Lets dive into solutions!

### Puzzle 329

In this puzzle we were asked to generate first 50 elements of Iccanobif sequence. Wait what? It is Fibonacci backwords… and that is exactly our goal to generate Fibonacci like sequence with one constraint: next element is a sum of previous two but with digits in reversed order.
As it looks hard, it really isn’t. And this solution is so short in base R, that translating it to another syntax would be just over complicating.

library(tidyverse)
library(stringi)

test = read_excel("Iccanobif Numbers.xlsx", range = "A2:A51", col_names = FALSE) %>% pull()

#### Approach: Base R

reverse_digits <- function(n) {
as.numeric(stri_reverse(as.character(n)))
}

generate_iccanobif <- function(N) {
iccanobif <- c(0, 1)
for (i in 3:N) {
next_term <- reverse_digits(iccanobif[i - 1]) + reverse_digits(iccanobif[i - 2])
iccanobif <- c(iccanobif, next_term)
}
iccanobif
}

iccanobif_50 <- generate_iccanobif(50)

#### Validation

identical(iccanobif_50, test)
#> [1] TRUE

### Puzzle 330

In puzzle #330 we have sentences in table and our goal is to return matrix populated rowwise containing only words that were longer than average word in original sentence.

library(tidyverse)
library(tidytext)
library(data.table)

input = read_excel("Average Word Length.xlsx", range= "A1:A10")
test = read_excel("Average Word Length.xlsx", range = "B2:D5", col_names = F)
colnames(test) = c("1", "2", "3")

#### Approach 1: tidyverse

result = input %>%
mutate(number = row_number()) %>%
unnest_tokens(word, Books) %>%
group_by(number) %>%
mutate(word_len = nchar(word)) %>%
reframe(number, word, word_len, avg_len = mean(word_len)) %>%
ungroup() %>%
filter(word_len > avg_len) %>%
select(word) %>%
mutate(group = rep(1:4, each = 3)) %>%
group_by(group) %>%
mutate(row = row_number()) %>%
pivot_wider(names_from = row, values_from = word) %>%
ungroup() %>%
select(-group) %>%
mutate(across(everything(), ~ str_to_title(.x)))

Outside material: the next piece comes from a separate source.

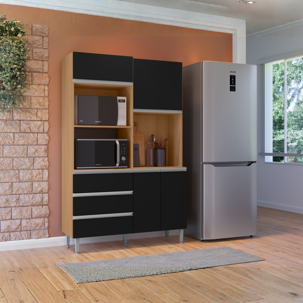 Kit Cozinha Compacta 4 Portas 180 cm Livia Amendoa Preto REAJL

#### Approach 2: data.table

input_dt <- setDT(copy(input))

input_dt[, number := .I]
input_dt_long <- input_dt[, .(word = unlist(strsplit(Books, " "))), by = number]
input_dt_long[, word_len := nchar(word)]
input_dt_long[, avg_len := mean(word_len), by = number]

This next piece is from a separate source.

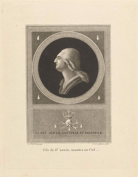 Editor: We're looking at Girolamo Carattoni's "Portret van musicus Betti", an engraving, dating anywhere between 1767 and 1809. It has an interesting composition. The portrait is framed, as is a bas-relief sculpture underneath it. The precision and clean lines are quite striking. What do you notice, considering its visual structure? Curator: The oval portrait, placed above a rectangular scene, immediately establishes a hierarchy of forms, wouldn't you agree? Note the sharp delineation, almost geometric, throughout the work. Observe how the texture created by the engraving technique contributes to the clear definition of forms. Editor: Yes, the sharp delineation is what really makes it, and the gray tones help bring it to life. Can we say anything more about the geometry of this work? Curator: Geometry serves as the foundational principle, the regulating device for our perception. The arrangement isn’t random, of course. Examine the echoing rectangles that encase each element; consider the effect the repeating shapes might suggest about the period in which this print was made. Editor: So it’s the relationship between the lines, shapes, and tonal values that constructs meaning? And by looking at these inherent qualities, can one place this art within the Neoclassical movement? Curator: Precisely. Note the absence of emotional flourish; the emphasis on symmetry; the focus on clear, rational form. By concentrating on the internal organization, we understand how the image functions as an aesthetic object and also as a signifier of particular cultural values. Editor: I see it now. Thanks for showing me how to read an image purely from its structure and composition! Curator: It has been a pleasure; analyzing how line, shape and form come together, provides profound insight.

input_dt_filtered <- input_dt_long[word_len > avg_len, .(word, number)]
input_dt_filtered[, group := rep(1:4, each = 3, length.out = .N)]
input_dt_filtered[, row := rep(1:3, times = 4, length.out = .N)]
wider_dt <- dcast(input_dt_filtered, group ~ row, value.var = "word")
setnames(wider_dt, old = names(wider_dt), new = c("group", "1", "2", "3"))

wider_dt[, group := NULL]

#### Approach 3: base R

input_base <- input
input_base\$number = seq_along(input_base\$Books)
words_list_base = strsplit(input_base\$Books, " ")
words_df_base = setNames(data.frame(do.call(rbind, lapply(words_list_base, function(x) data.frame(word = x))), row.names = NULL), c("word"))
words_df_base\$number = rep(input_base\$number, sapply(words_list_base, length))
words_df_base\$word_len = nchar(as.character(words_df_base\$word))
words_df_base\$avg_len = ave(words_df_base\$word_len, words_df_base\$number, FUN = mean)
filtered_df_base = subset(words_df_base, word_len > avg_len, select = c("word", "number"))
filtered_df_base\$group = rep(1:4, each = 3, length.out = nrow(filtered_df_base))
mat = matrix(filtered_df_base\$word, nrow = 4, ncol = 3, byrow = TRUE)
wider_df_base = as_tibble(as.data.frame(mat))
colnames(wider_df_base) = c("1", "2", "3")
wider_df_base[] = lapply(wider_df_base, function(x) if(is.character(x)) tools::toTitleCase(x) else x)

#### Validation

identical(test, result)
#> [1] TRUE

identical(test, wider_dt)
#> [1] TRUE

identical(test, wider_df_base)
#> [1] TRUE

### Puzzle 331

In this puzzle we were asked to find which of given numbers can be represented as sum of two cubes.

library(tidyverse)
library(data.table)

input = read_excel("Sum of Cube of Two Numbers.xlsx", range = "A1:A10")
test = read_excel("Sum of Cube of Two Numbers.xlsx",
range = "B2:D6",
col_names = c("Number", "Factor1", "Factor2"))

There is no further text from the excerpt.